A ‘Gumbug’ is a blob of used chewing gum, ‘Gumbugging’ is the unsociable disposal of used chewing gum where it can be viewed in public places, and a ‘Gumbugger’ is one who practices gumbugging. A good Gumbuggering with a five-pound cylinder of Gumbugged Gumbugs might dissuade them.
There is one place in the world that hates gumbugging with a passion nowhere else can rival. It is Singapore, where you can be imprisoned for importing chewing gum and fined $1000 for chewing it!
I can just see the shady gum dealers lurking on the side streets, sneakily opening their minty, green trench coats and flashing their chewy wares in hopes of enticing some poor soul down the Dentyne path to destruction.
The average American chews over 300 sticks of gum per year, and the gum companies sell over $2 billion worth of gum to Americans during the same span.
Interestingly, doctors in the 1860’s used to advise their gum-chewing patients to abstain unless they wanted their innards to stick together. I think my Mom used the same story to get us kids not to swallow our gum, and I haven’t swallowed any to this day.
I don’t use much, and the corporations who enrich themselves by wearing out people’s jowls would go broke if they relied on us who gnaw a dozen or two chunks a year. What I do chew is kept to myself, for I work at it with my mouth closed, I do not smack and slobber while I chomp it, and I couldn’t pop it if I was offered good money.
In truth my sparing use of chewing gum in any form can be piled high in front of the licorice flavored door of the murderous Black Jack. I almost gagged every time a fan of it walked up oozing wafts of licorice from their mouth and pores.
I hate black licorice above all other things except the New York Yankees. I wish all Yankees past and present could be lined up, coated with a diarrhea-textured soup of gummy black licorice and set free to scurry like addled Cane Toads on the infield grass in front of a packed Yankee Stadium.
On second thought, cancel the soup idea. I’m sure a horde of crazed, licorice-tongued, New Yorkers would charge onto the field and slurp their Yankees clean, much to the enjoyment of the lickees. Besides that, the mere thought of licorice soup is making me queasy.
Oddly enough, it was the pitiless and famous Mexican general Santa Anna, of the Battle of the Alamo renown, who was directly responsible for Black Jack. He was probably still pissed off about losing the Texas War of Independence, and wanted to dish up a serving of disgust to Americans.
Anyway, the former president was exiled from Mexico and he moved to New Jersey in 1869 toting along a ton of chicle. Long story short, he sold the chicle to a demented fellow who flavored a bunch with anisseed (which I regard as anus-seed) and in 1884 Black Jack became America’s first flavored and first stick form gum. Urp!

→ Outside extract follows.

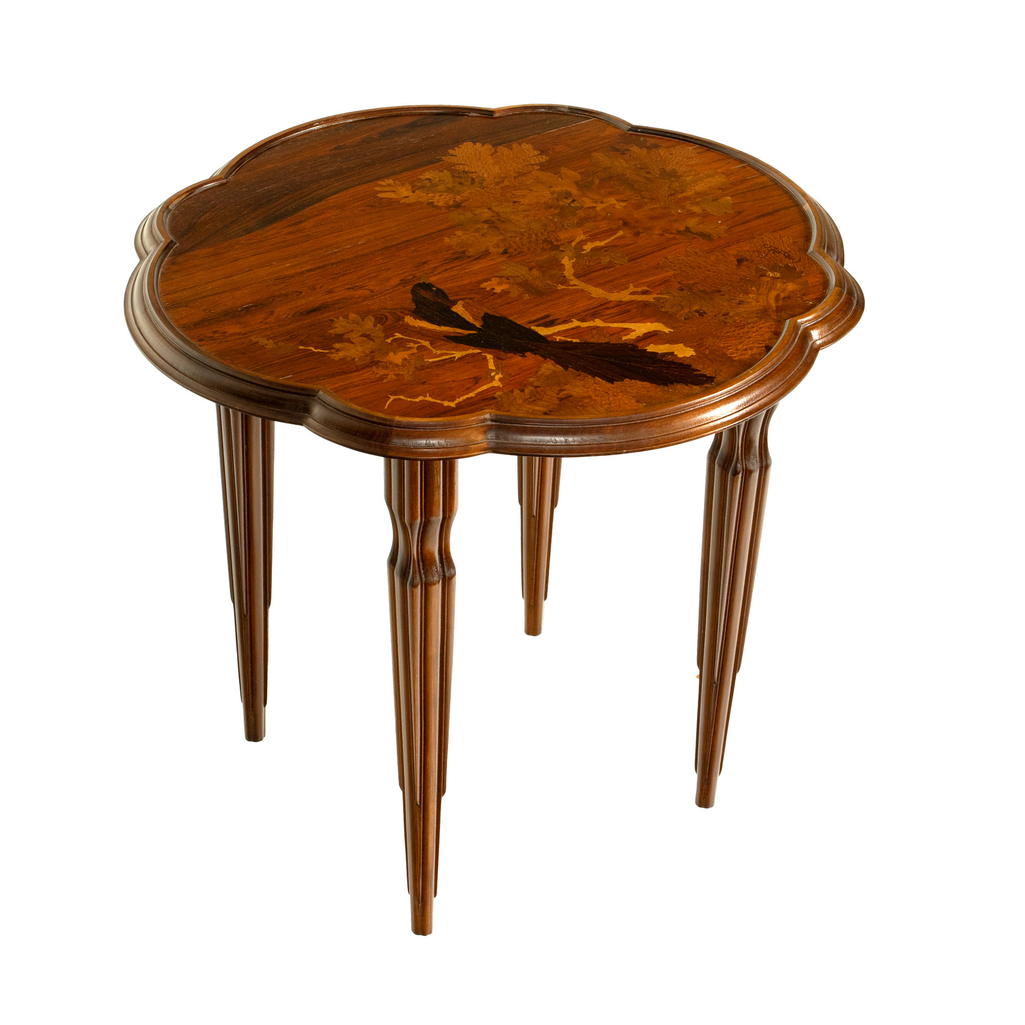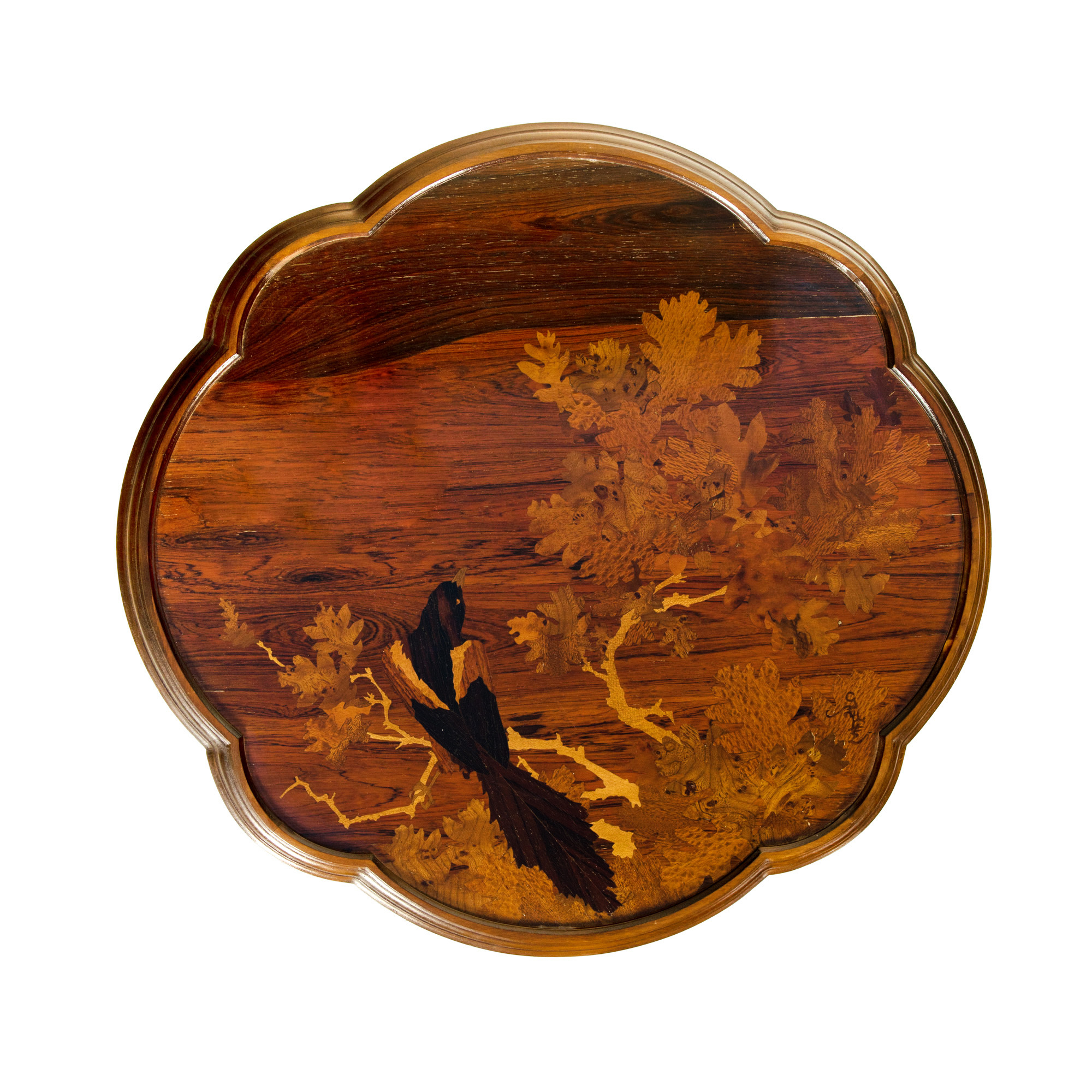 20. Măsuță Émile Gallé, din lemn intarsiat, decorată cu frunze de stejar și corb, cca. 1900

Declining sales, “Yay!”, caused it to be discontinued in the 1970’s. It was eventually re-introduced every few years, “Boo!”, and it still is. People who like to nauseate others can buy it online, only $55.17 for 20 five-packs.
In closing I would like to say that if I am ever elected dictator of the world anyone who chews their gum in a loud obnoxious manner will be sent to the plains of Texas on the next bus. Black Jack abusers would get Siberia. They can then spend eternity smacking at each other in the wide-open spaces.